Arthur von Hippel studied medicine at the University of Königsberg, the Ludwig-Maximilians-Universität München, and the Friedrich Wilhelm University of Berlin, where he earned his doctorate in 1864. Following graduation, he furthered his training in Prague, and afterwards became an assistant at the eye clinic at the University of Königsberg. In 1879, he became a "full professor" of ophthalmology at the University of Giessen, and in 1890 returned as a professor to the University of Königsberg. In 1892, he attained the chair of ophthalmology at the University of Halle, and in 1901 went to the University of Göttingen, where he was director of the newly founded University Eye Clinic. He retired in 1914, and was replaced at the University of Göttingen eye clinic by his son Eugen.

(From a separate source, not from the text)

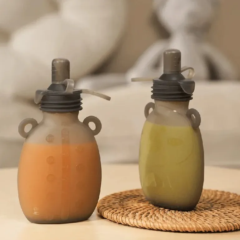 Brug den til hjemmelavede eller større portioner smoothies og giv dig selv bekvemmeligheden ved købte poser uden plastikubehageligheder eller miljøpåvirkning. Kapaciteten på 170 ml er perfekt til små hænder og maver. Den kryds-skårne variable flow Silikone Tud giver børn mulighed for at spise i deres eget tempo. Det medfølgende silikone sugerør kan bruges til væsker og tynde smoothies for at sikre, at hver eneste dråbe nydes, eller for hænder, der er lidt stærkere, kan du fjerne stroppen og klemme posen eller rulle den op nedefra.

Von Hippel made contributions in his research of intraocular pressure, color blindness and near-sightedness, but is remembered for his pioneer work in lamellar keratoplasty. In 1886, he grafted a full-thickness cornea from a rabbit into the lamellar bed of a young female patient. After the operation the girl was able to count fingers at a distance of two meters, for a visual acuity of 20/200. He is also credited for the invention of a mechanized trephine for corneal procedures. This device became the prototype for trephines that are used in ophthalmology today.

- Note: Arthur von Hippel is sometimes confused with his grandson Arthur Robert von Hippel (1898–2003), a German-American physicist.